_Activity_
Return the lines of the listing below exactly as they appear, beginning at the one with "Wind數(shù)據(jù" and stopping after the one with "납치 용의자들이 지난달"; do not include pictures.

_Entries supplied_
-----

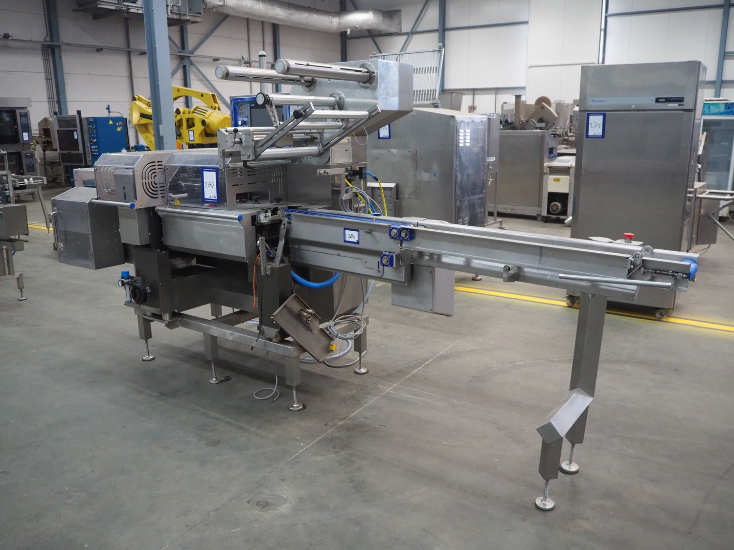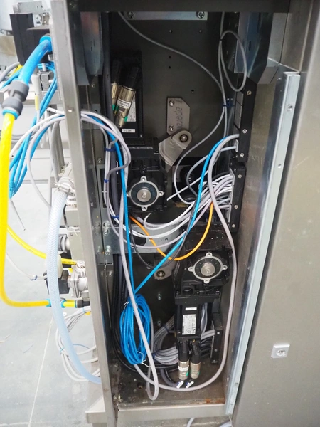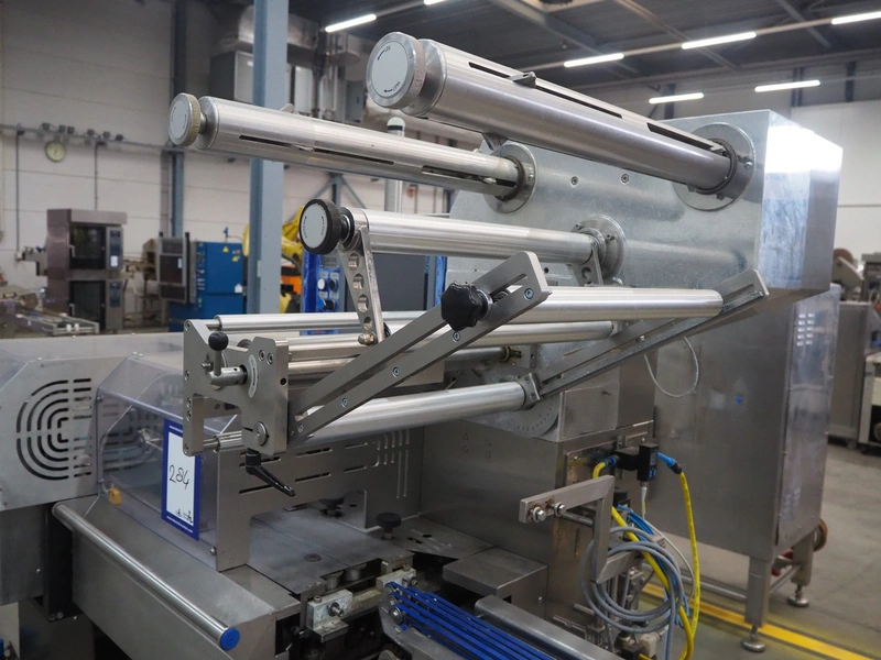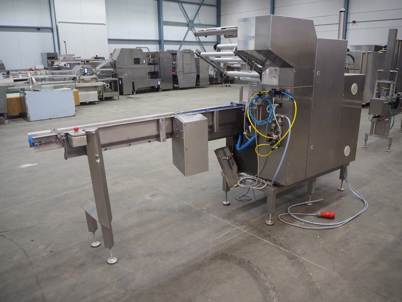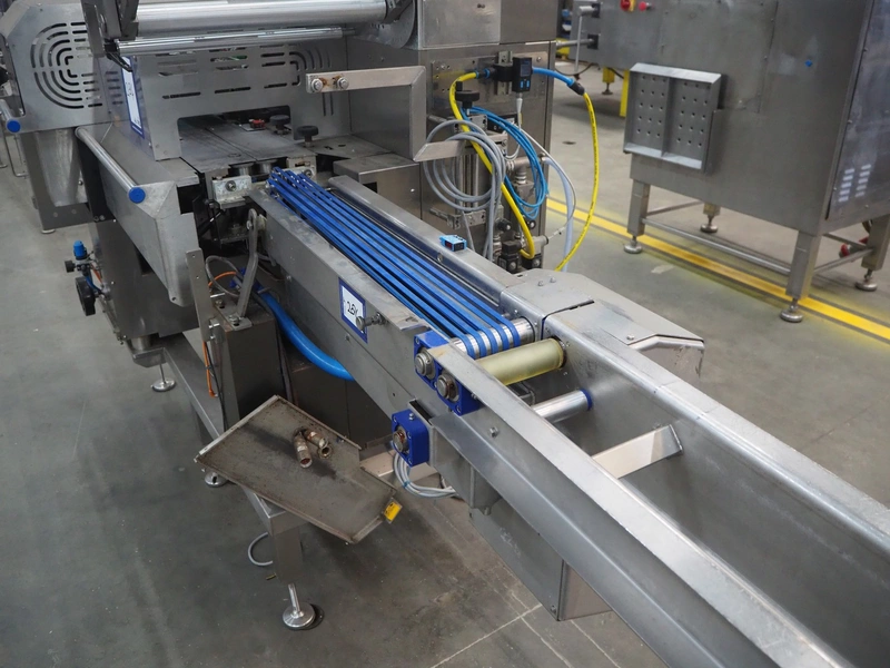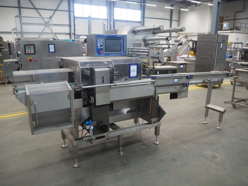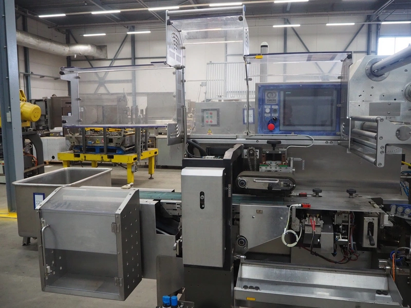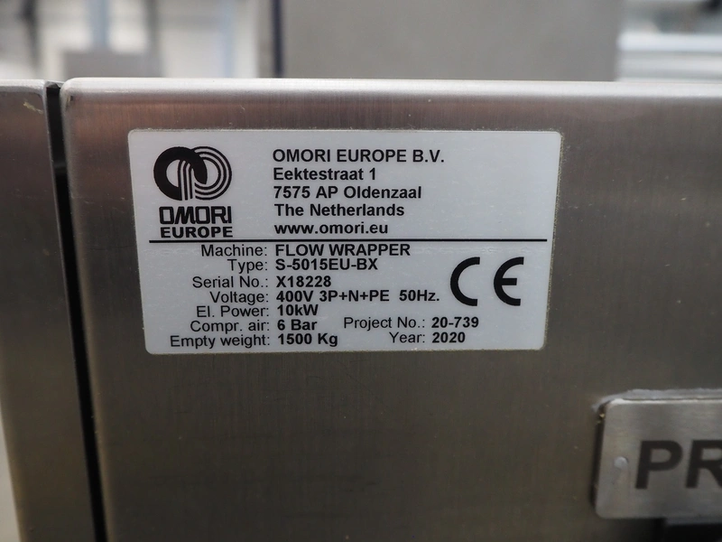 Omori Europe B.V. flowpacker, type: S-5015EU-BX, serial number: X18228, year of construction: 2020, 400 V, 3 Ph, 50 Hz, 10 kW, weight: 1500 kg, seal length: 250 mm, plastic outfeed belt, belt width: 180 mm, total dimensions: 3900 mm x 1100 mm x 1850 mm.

-----

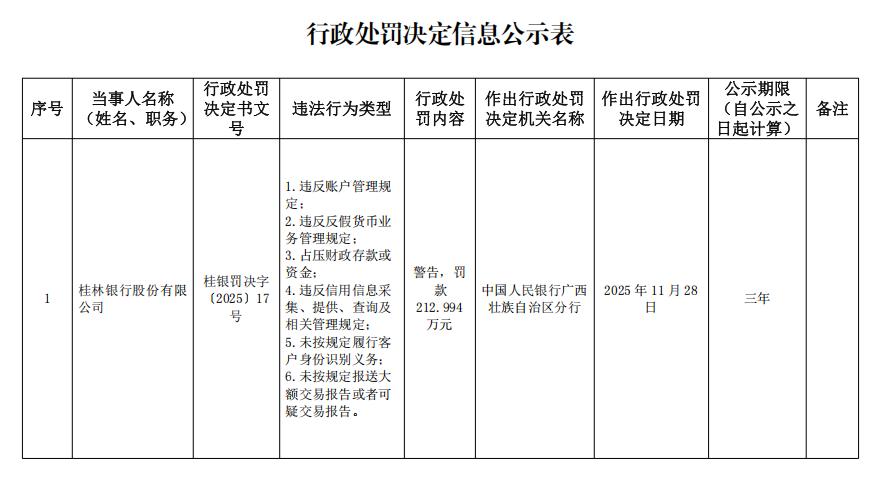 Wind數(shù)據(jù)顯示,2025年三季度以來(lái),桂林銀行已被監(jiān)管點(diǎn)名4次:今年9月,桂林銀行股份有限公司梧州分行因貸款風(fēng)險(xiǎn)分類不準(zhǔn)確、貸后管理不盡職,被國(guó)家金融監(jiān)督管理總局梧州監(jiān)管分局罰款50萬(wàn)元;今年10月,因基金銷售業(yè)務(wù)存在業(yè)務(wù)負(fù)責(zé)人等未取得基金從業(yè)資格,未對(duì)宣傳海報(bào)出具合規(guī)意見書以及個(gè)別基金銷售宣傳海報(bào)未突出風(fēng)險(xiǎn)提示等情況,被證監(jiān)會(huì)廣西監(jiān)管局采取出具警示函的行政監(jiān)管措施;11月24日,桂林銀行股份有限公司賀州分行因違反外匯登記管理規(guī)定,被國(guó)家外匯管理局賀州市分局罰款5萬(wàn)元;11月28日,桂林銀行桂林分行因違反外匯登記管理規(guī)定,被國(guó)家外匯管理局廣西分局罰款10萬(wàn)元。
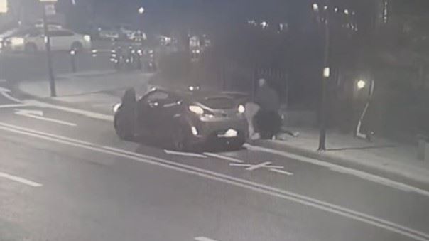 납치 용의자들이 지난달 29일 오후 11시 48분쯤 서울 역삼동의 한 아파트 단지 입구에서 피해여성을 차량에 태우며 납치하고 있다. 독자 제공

-----

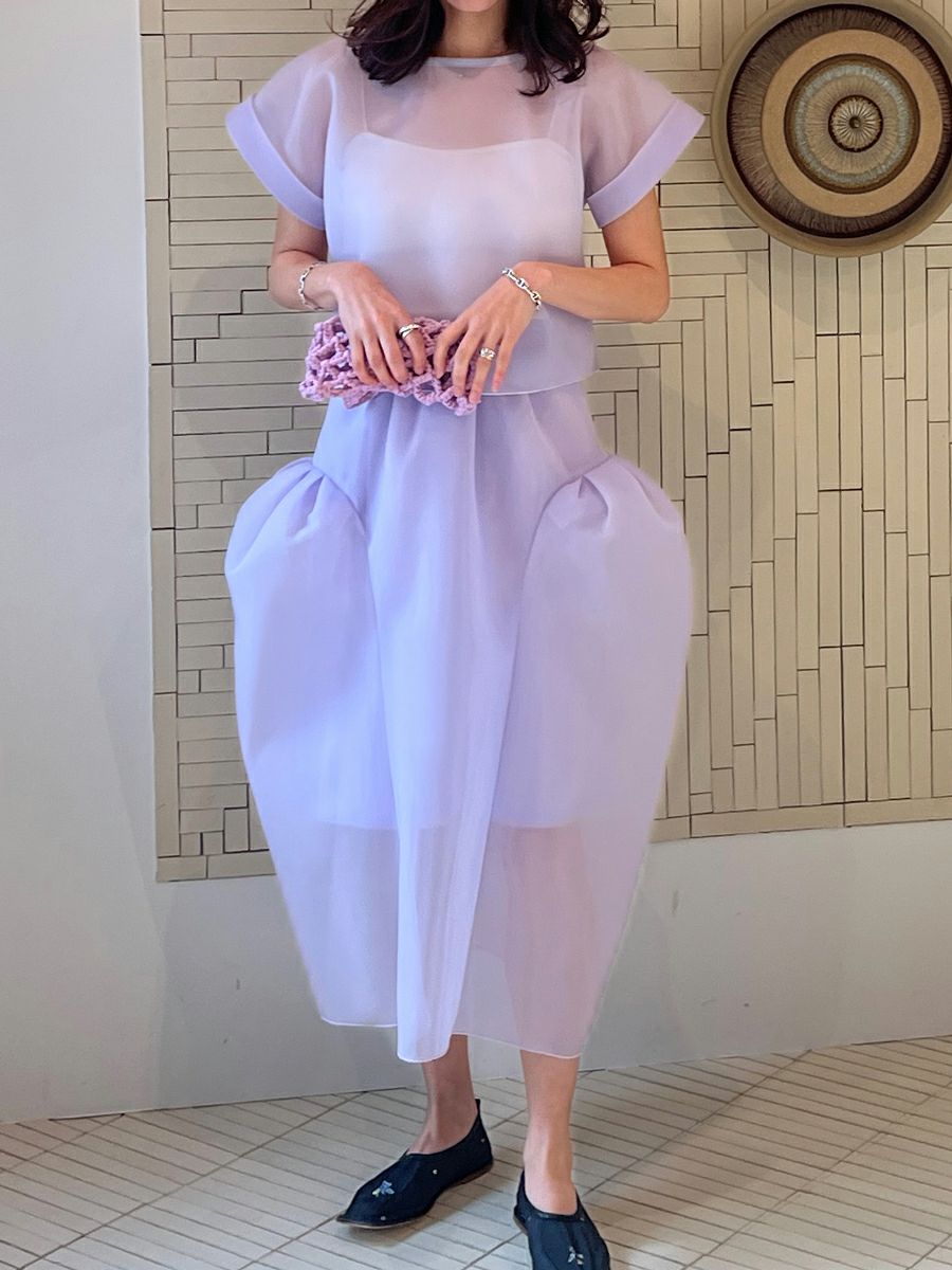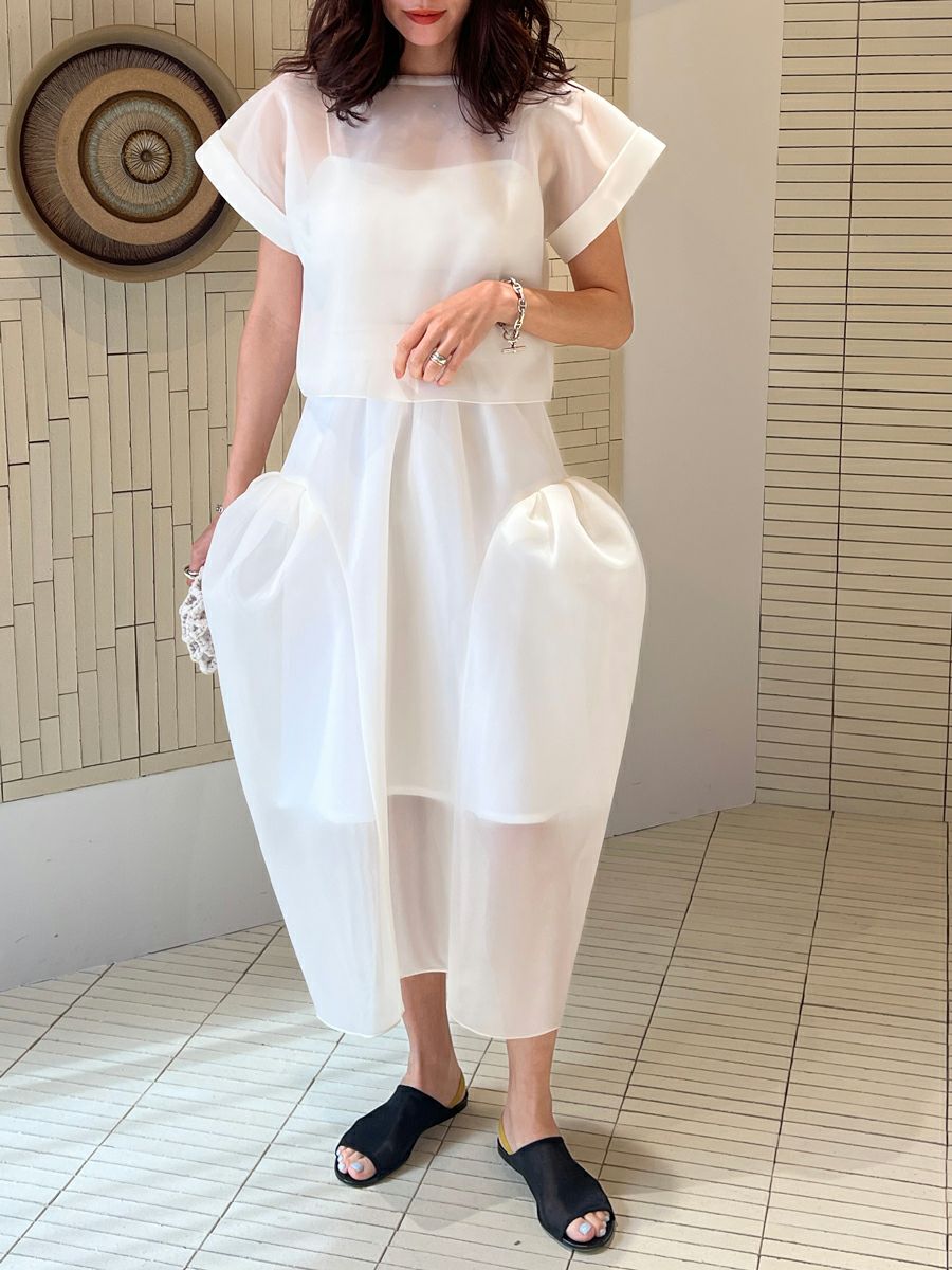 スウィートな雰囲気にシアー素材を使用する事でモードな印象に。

-----

_Expected output_
 Wind數(shù)據(jù)顯示,2025年三季度以來(lái),桂林銀行已被監(jiān)管點(diǎn)名4次:今年9月,桂林銀行股份有限公司梧州分行因貸款風(fēng)險(xiǎn)分類不準(zhǔn)確、貸后管理不盡職,被國(guó)家金融監(jiān)督管理總局梧州監(jiān)管分局罰款50萬(wàn)元;今年10月,因基金銷售業(yè)務(wù)存在業(yè)務(wù)負(fù)責(zé)人等未取得基金從業(yè)資格,未對(duì)宣傳海報(bào)出具合規(guī)意見書以及個(gè)別基金銷售宣傳海報(bào)未突出風(fēng)險(xiǎn)提示等情況,被證監(jiān)會(huì)廣西監(jiān)管局采取出具警示函的行政監(jiān)管措施;11月24日,桂林銀行股份有限公司賀州分行因違反外匯登記管理規(guī)定,被國(guó)家外匯管理局賀州市分局罰款5萬(wàn)元;11月28日,桂林銀行桂林分行因違反外匯登記管理規(guī)定,被國(guó)家外匯管理局廣西分局罰款10萬(wàn)元。
 납치 용의자들이 지난달 29일 오후 11시 48분쯤 서울 역삼동의 한 아파트 단지 입구에서 피해여성을 차량에 태우며 납치하고 있다. 독자 제공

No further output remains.